The patterns were there, but in that study we limited ourselves to genes present in Cymbomonas. We wondered: If we could free ourselves from the constraints of the Cymbomonas genome, would we then be able to find more general genetic patterns associated with different traits, like phagocytosis? We knew that revealing such patterns would be useful for studies on the origins of plants and green algae. We also wondered about some buzz postulating phagocytosis in new archaea that had been identified through assembled DNA sequences alone, whose cells had never been physically seen. It seemed important to define the trait of phagocytosis in a way that would allow us to make predictions on new genomes, especially those derived from mixed environmental samples.
In our first pass at finding such patterns, we grouped organisms according to their ability to use phagocytosis and then looked within those groups for shared genes that were lacking in the complementary group.

This worked to an extent, but in review the sensitivity of the approach was rightly questioned. So, we went back to the drawing board and freed ourselves from another constraint. Instead of grouping organisms by traits first, we compared all proteins in all organisms, regardless of their ability to perform phagocytosis, and used clusters of those proteins, without initial regard to the trait we were thinking about, to build sensitive protein profile models. Those models could then be used to look back for any trace of such a protein across eukaryotes, and even into bacteria and archaea.

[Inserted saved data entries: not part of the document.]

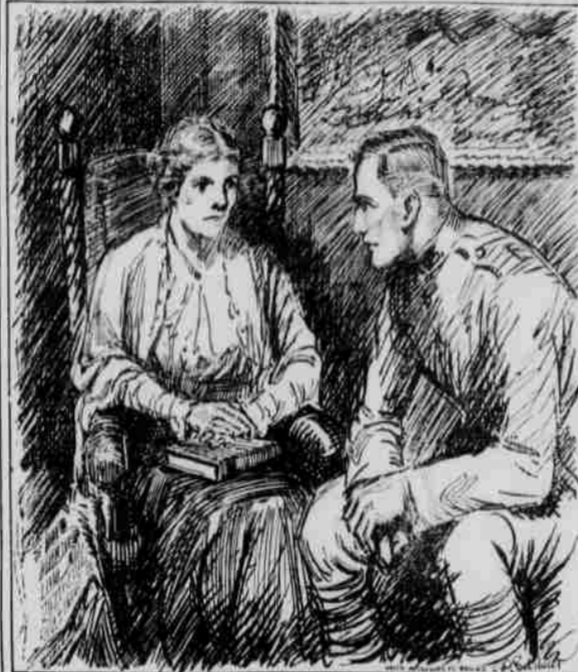
Ain't it a Grand and Glorious Feeling to Have Your Son Return With Wounds Stripes and Tell You of Seeing German Women Vote.

WITH THE FEDERAL SUFFRAGE AMENDMENT NOT YET RATIFIED.
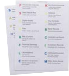
24 pre-printed oversized folder labels
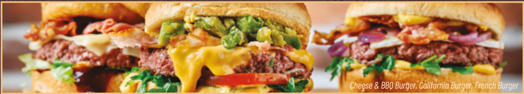
Cheese & BBQ Burger, California Burger, French Burger
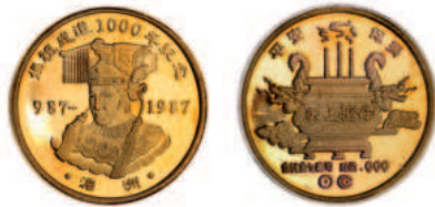
2106* China , People's Republic, medallic bullion coinage, proof 1/4 ounce 999 fine gold 1987 (KM.X#MB36). FDC . $900
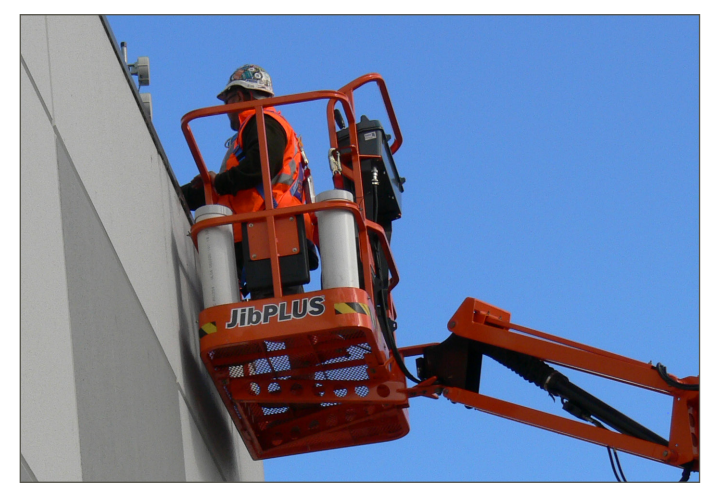
Figure 3. Minimal overhead structure in proximity
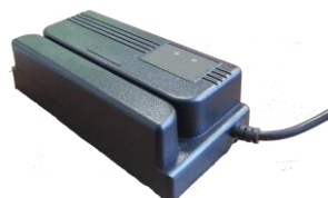
TCBK01: Barcode card reader
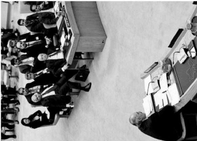
L'am bassadeur d e Syrie à l'ONU, Bachar Al-Jaafari, et les dirigeants de la Ligue arabe, au Conseil de sécurité des Nations unies, à New York, le 31 janvier.
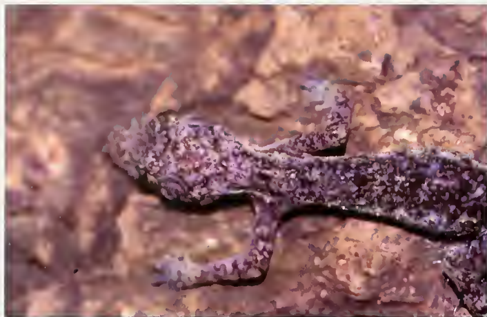
Fig. 9. Hemidactylus ansorgei from Lama Forest (Noyeau central), first country record.

Material examined. ZFMK 42006-009, Godomey near Cotonou, coll. by W. Schröder, August/September 1984; ZFMK 77070, Bohicon, coll. by K. Ullenbruch, 17 April 2002; ZFMK 82813-814, Cotonou, coll. by Thibault Lachet, 22/23 April 2004.
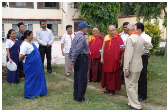
Vice-Chancellor Inspecting the Camp
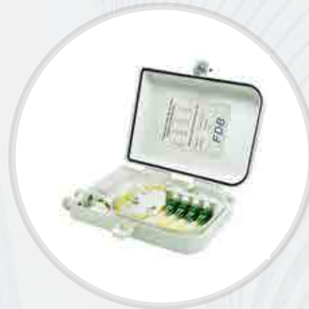
FTTH Terminal Box
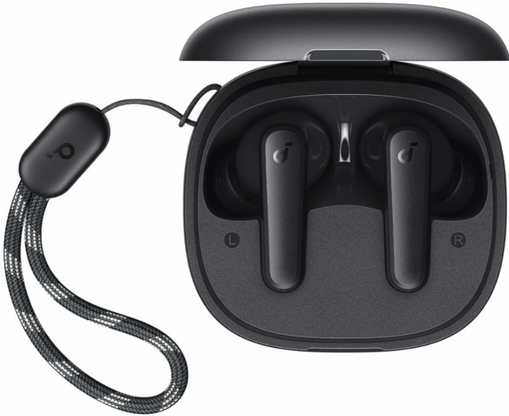
Image: The open charging case of the Soundcore R50i, showing the two earbuds securely placed within their charging slots.
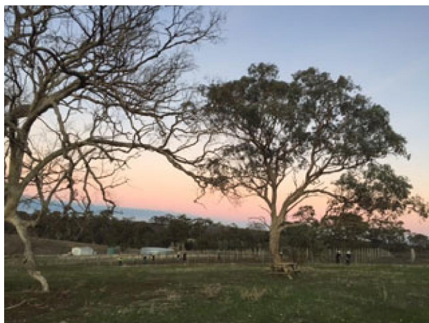
Early morning pruning

The 2015 pruning season began on 20/7. We've been very lucky with the weather and managed to prune and tie down over 30 acres of vines in less than 6 days. Only another 26 acres to go! The vines are all strong and healthy with another bumper fruit year expected. Winter maintenance in the vineyards is well underway and we will be ready for Spring and the mowing season in less than 5 weeks.
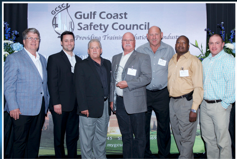
TURNER INDUSTRIES GROUP, LLC SHELL NORCO MANUFACTURING COMPLEX

MECHANICAL CONTRACTOR 500,000 - 750,000 W-H
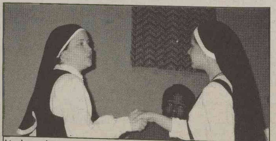
At a dress rehearsal...
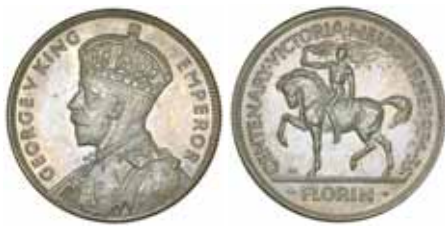
570* George V, 1934-35 Melbourne Centenary. Light grey toned, choice uncirculated.
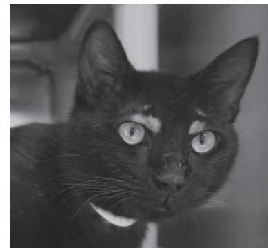
SOUTH WILLAMETTE VETERINARY CLINIC 541-895-5665
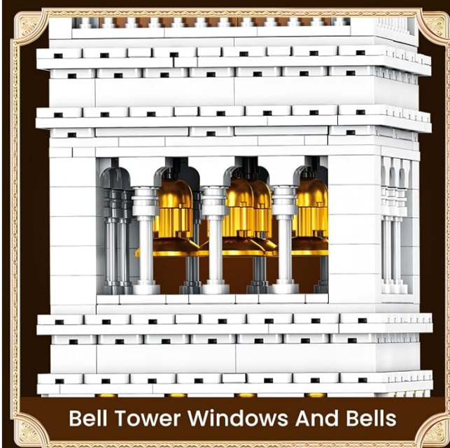
Bell Tower Windows And Bells
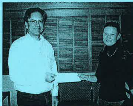
$561.00 raised by GAP Employees and will be matched by GAP Inc.

Please contact Alicia if you need more applications sent to you to share with families. The application deadline is Wednesday, Dec. 1 st .
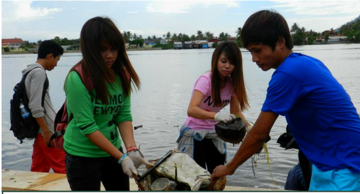
PUC students were collecting trash from the river in Kampot.

One hundred students of Environmental Sciences from Paññastra University of Cambodia (PUC), moved along with their teachers on July 16, 2014 to Kampot province where they were picking up trash from Kampot River and giving talks to the public about the importance of protecting the environment.
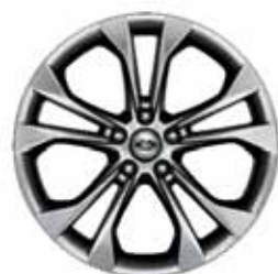
19" Premium Luster Nickel-Painted Aluminum Standard
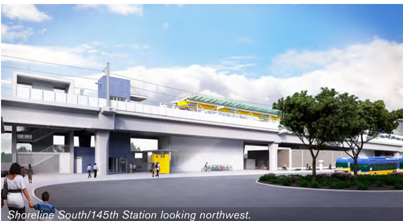
Shoreline South/145th Station looking northwest.

Located just east of I-5, this freeway-level station serves Shoreline Stadium, the Shoreline Conference Center and surrounding neighborhoods with entry at north and south ends of the station. The north entry offers safe and easy access up and over tracks to the west side platform. The project includes a new parking garage with approximately 500 spaces. Station walkways and seating designs incorporate a Douglas fir tree branch motif, while station art by Mary Lucking celebrates the community and urban forest.
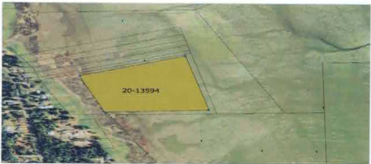
Figure 1. Bed 20-13592

Figures 1-5 show the proposed locations of japonica treatments in 2016. In 2015 treatments occurred on bed D26.

Our expanded set of protein profile alignments spanned a reasonably large swath of eukaryote diversity, and contained patterns related to all kinds of ancient traits, including phagocytosis, photosynthesis, and small molecule biosynthesis. We pulled patterns related to those traits at the protein level and found that real predictive power came from then grouping those proteins by function and comparing functional categories across groups. But that is not the whole story. Something was missing in the analysis. We know of all kinds of phagocytotic organisms, but not all of them could be grouped using these functional patterns. It was usually parasitic organisms causing the headaches.

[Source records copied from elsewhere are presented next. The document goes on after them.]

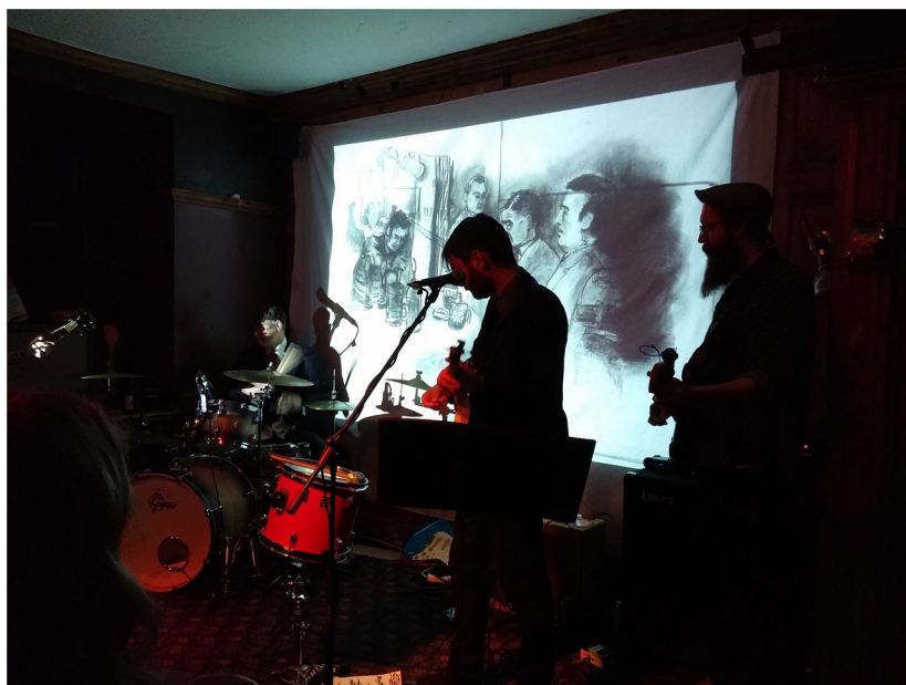
Figure 1. Plume of Feathers performance at the Stag and Hounds pub and music venue, Bristol, December 2016. A visual essay can be seen projected onto the screen behind the band.

illustrated children's books as the non-literal relationship between image and text that allows both to contribute to the story. Therefore the images produced to accompany songs were not necessarily of pubs and might include geometric patterns or photographs of buffets sourced from the internet. In collating the images, I created conceptual gaps between images which is possible because they are often sequences of still images rather than the more fluid transitions of film. This creates a slight disjunction as a puzzle. The images are also counterpoints to the songs they accompany, providing a different point of view. In this regard, the illustrations experienced with the music as part of a Plume of Feathers performance are one mode of a multimodal text; this creates further gaps between the parallel strands of the overall communication and asks the audience to span them, thereby creating fluidity from fragments. 3
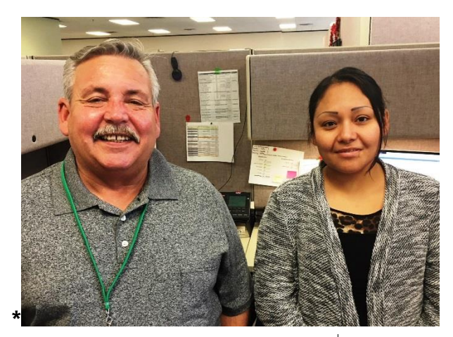
NEW* Hunter & Boater Education Administrative Assistants
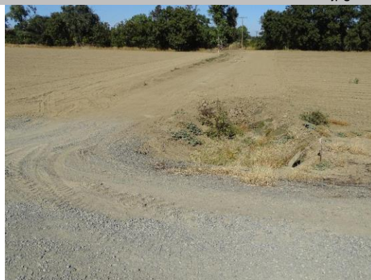
View of WS looking from levee crown
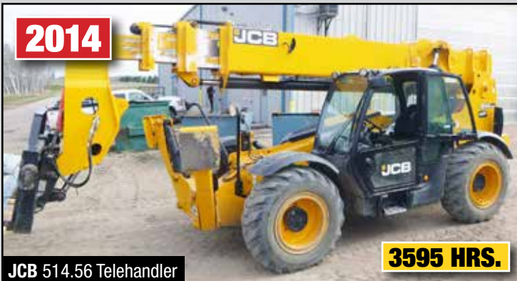
2014 JCB 514.56 Telehandler
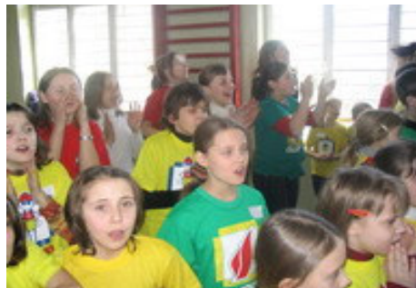
Kids cheering for partakers of sports competition
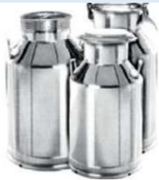
(b) S S Milk Cans
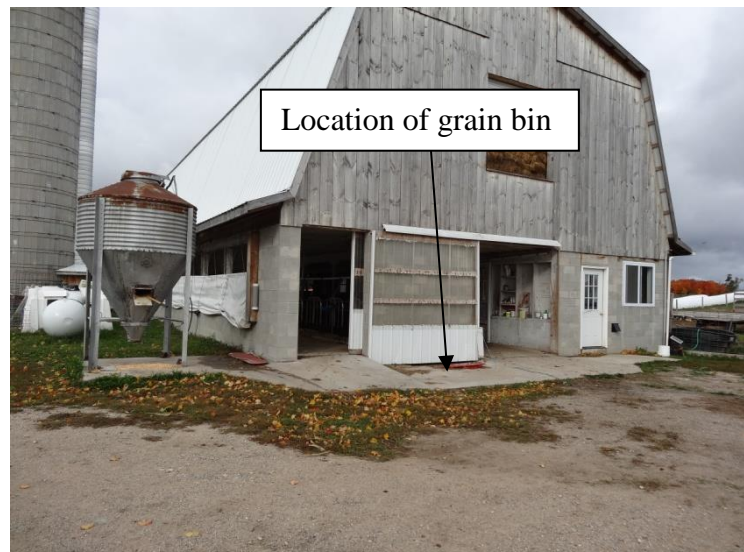
Figure 2. View of barn looking west

In fall 2014, a male dairy farmer died when he was crushed by a freestanding grain bin holding approximately six tons of grain, which fell after being struck by a horse and/or manure spreader. MIFACE learned about this incident from a newspaper clipping. The MIFACE researcher contacted the county’s MSU Extension agent, who contacted the family of the deceased. One of the decedent’s family members agreed to be interviewed by the MIFACE researcher. The MSU Extension agent accompanied the MIFACE researcher to the family member’s home. The family member accompanied the MIFACE researcher and MSU Extension agent to the decedent’s farm. During the writing of this report, the death certificate, police and medical examiner reports, and the MIOSHA compliance file were
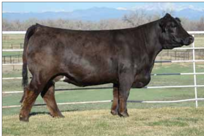
MAGS Uahuka 3602, dam of Lot 10 embryos.

Parasites can tend to have relatively small, reduced/streamlined genomes, so if we wanted to learn the smallest set of proteins or functions needed for phagocytosis, we should logically look to those parasite genomes. But they just did not fit together. Different parasites seemed to have different sets of proteins related to phagocytosis and forcing them together basically broke the model. This is where a conference in Prague, Czech Republic last summer (ICOP 2017) had a real influence on the work. There is a group of organisms called the rozellids that are parasites of fungi, have reduced genomes, but are also phagocytotic. Now, I didn't really know about them early on, and I had kind of lumped the rozellids in with the fungi. One person at the conference, Guifré Torruella i Cortés, said (paraphrasing): "Absolutely not. The rozellids are definitely phagocytotic, and so are some other related organisms". I still didn't really believe him (sorry Guifré, they just fit so poorly into my model), until I saw a paper that showed, incontrovertibly, a Rozella allomycis cell with ingested mitochondria from the host fungus (Powell, Letcher, and James, 2017). That is phagocytosis.

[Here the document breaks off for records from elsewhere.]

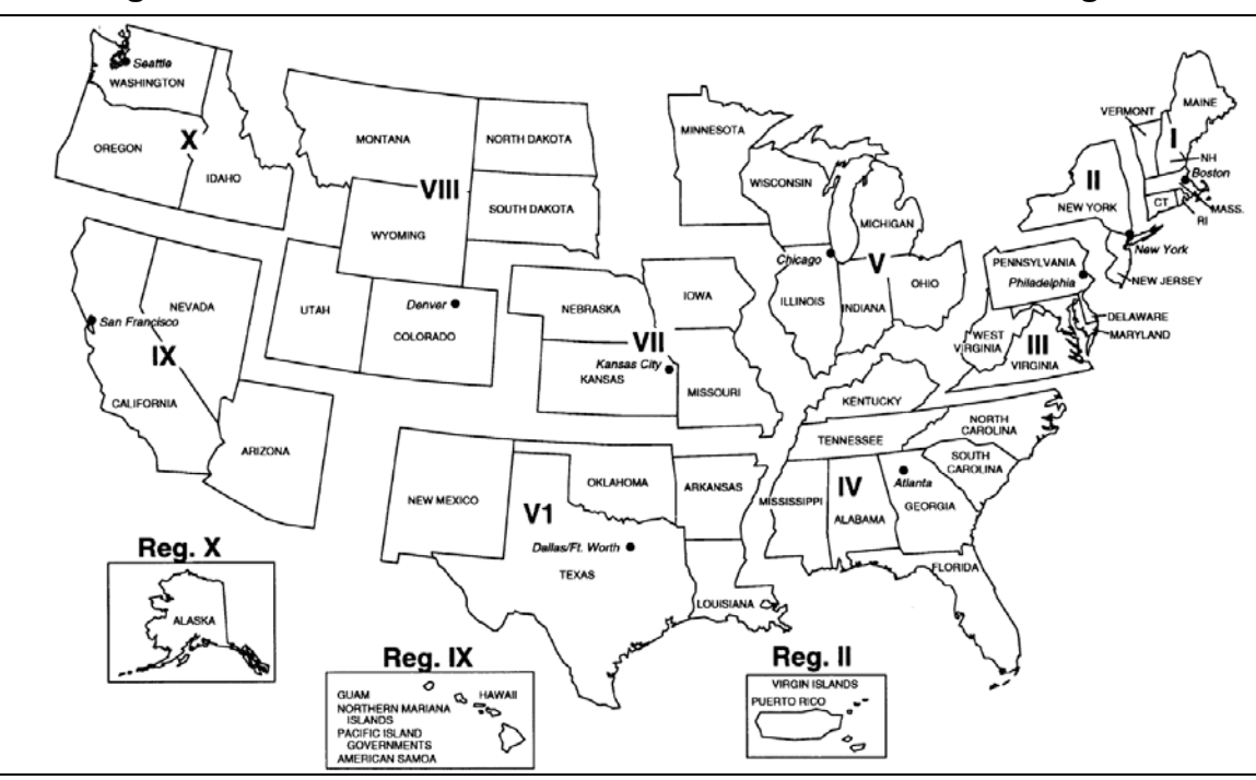
Figure 2. Standard State and Territorial Boundaries for Federal Regions

Enacted in 1986, the Emergency Planning and Community Right-to-Know Act (EPCRA)<sup>40</sup> required each state to create a State Emergency Response Commission (SERC), designate emergency planning districts, and establish Local Emergency Planning Committees (LEPCs) for each district. Each LEPC must prepare a local emergency response plan for the emergency planning district. These local emergency plans are integrated into the appropriate geographic-specific area response plan that may cover several local planning districts, <sup>41</sup> discussed in the "Area Committees" section of this report below.
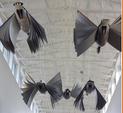
A new species of goose has taken up residence at the Mountain View Library. Stop in to see the new art installments today!

SPOTLIGHTING MOUNTAIN VIEW CELEBRATING AND NE WSLETTER MONTHLY ▼
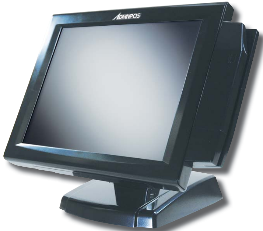
Shown with optional integrated card reader.
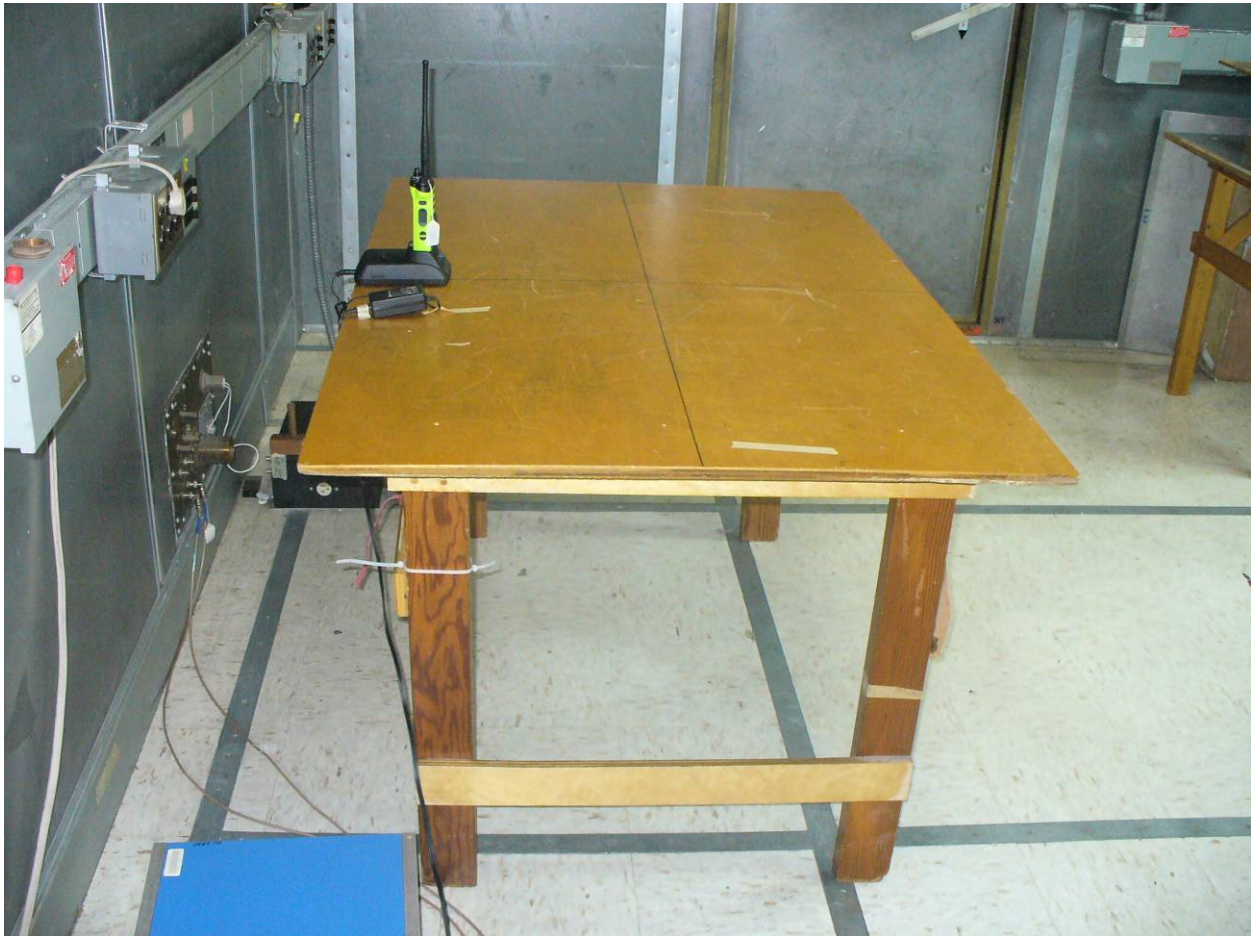
Figure 4: Power Line Conducted Emissions – Side View

From many passionate discussions on this during the conference, I began to form an idea. Rozella allomycis is phagocytotic, but it really didn't fit into the model with another parasite, Entamoeba histolytica. Why not make two models? In the end that worked, and from it I derived this idea that in fact, parasites do not represent the smallest set of functions needed for phagocytosis, but rather represent only the smallest set needed to fill their particular niche. They are specialists, and their genomes reflect that. With that idea, it was possible to come up with real predictive models. One representing "phagocyte generalists" that tend to be free living and have a diverse set of proteins and functions enabling them to ingest a variety of substrates under a variety of conditions, and other models representing subsets of "phagocyte specialists", who sampled from a deep ancestral pool, only retaining the proteins and functions needed to fulfill their parasitic lifestyle. It is a fascinating way to think about evolution.

Finally, because of our constraint-free approach, the protein profiles we created for this study could trace back to patterns that were likely present in the first eukaryotic cells, over 2 billion years ago. The profiles could detect related proteins in the prokaryotes, bacteria and archaea. We put together the set of proteins from our models with proteins known to be associated with the phagosome and asked which bacterial and archaeal groups have these proteins and functions? Does any broad group of prokaryotes have a set of proteins that look like a eukaryotic phagocyte? What if we stick groups together? In the end, we saw that the proteins important for phagocytosis today have varied origins from both archaea and bacteria, and no one, nor any two groups of prokaryotes could be spliced together to form a phagocytotic cell. It looks like to get phagocytosis, we needed archaea plus bacteria, plus some new proteins that are not present in any known extant group of prokaryotes.
So the paper is a story of realizing how really similar we are to one another and to all animals and how we need to understand broad diversity to understand deep evolution. Through genomics, we can now access how spectacularly diverse lineages parsed the evolutionary landscape over the course of billions of years. It is also a paper that had fits and starts, and disbelief, and what finally brought it all together was sharing ideas between friends and colleagues.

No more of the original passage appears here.